## Try it
Write out the entries below exactly, but only from the line containing "Venum Serpenti: Perform" through the line containing "Edmonton Oilers, from", and without the pictures.

Top of Supplied records

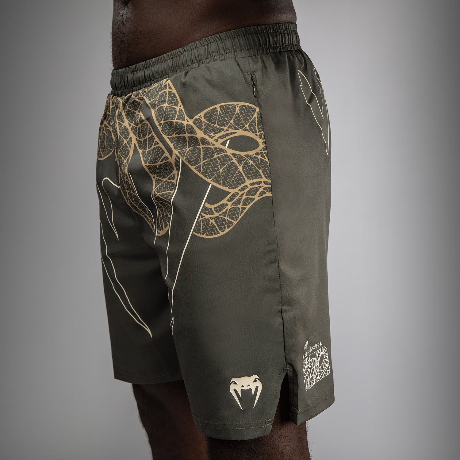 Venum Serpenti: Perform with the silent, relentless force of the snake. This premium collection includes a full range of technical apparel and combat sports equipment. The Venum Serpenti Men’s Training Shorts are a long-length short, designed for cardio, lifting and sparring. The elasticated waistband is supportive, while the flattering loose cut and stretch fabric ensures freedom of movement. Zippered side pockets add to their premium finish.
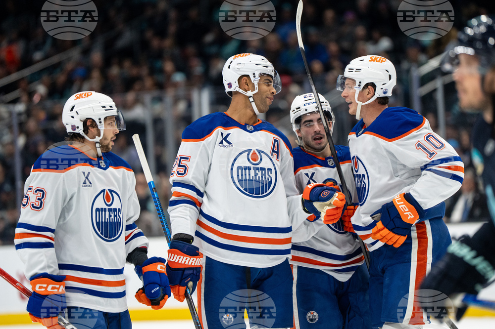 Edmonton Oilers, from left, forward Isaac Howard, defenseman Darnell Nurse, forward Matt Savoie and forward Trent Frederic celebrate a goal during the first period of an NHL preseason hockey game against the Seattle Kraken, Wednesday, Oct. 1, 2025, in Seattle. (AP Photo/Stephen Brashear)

Bottom of Supplied records
Top of Supplied records

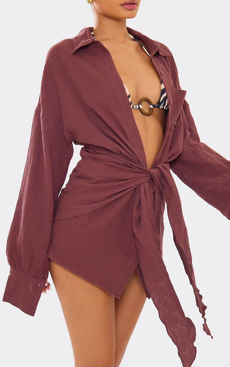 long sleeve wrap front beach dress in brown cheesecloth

Bottom of Supplied records

## Completed exercise
 Venum Serpenti: Perform with the silent, relentless force of the snake. This premium collection includes a full range of technical apparel and combat sports equipment. The Venum Serpenti Men’s Training Shorts are a long-length short, designed for cardio, lifting and sparring. The elasticated waistband is supportive, while the flattering loose cut and stretch fabric ensures freedom of movement. Zippered side pockets add to their premium finish.
 Edmonton Oilers, from left, forward Isaac Howard, defenseman Darnell Nurse, forward Matt Savoie and forward Trent Frederic celebrate a goal during the first period of an NHL preseason hockey game against the Seattle Kraken, Wednesday, Oct. 1, 2025, in Seattle. (AP Photo/Stephen Brashear)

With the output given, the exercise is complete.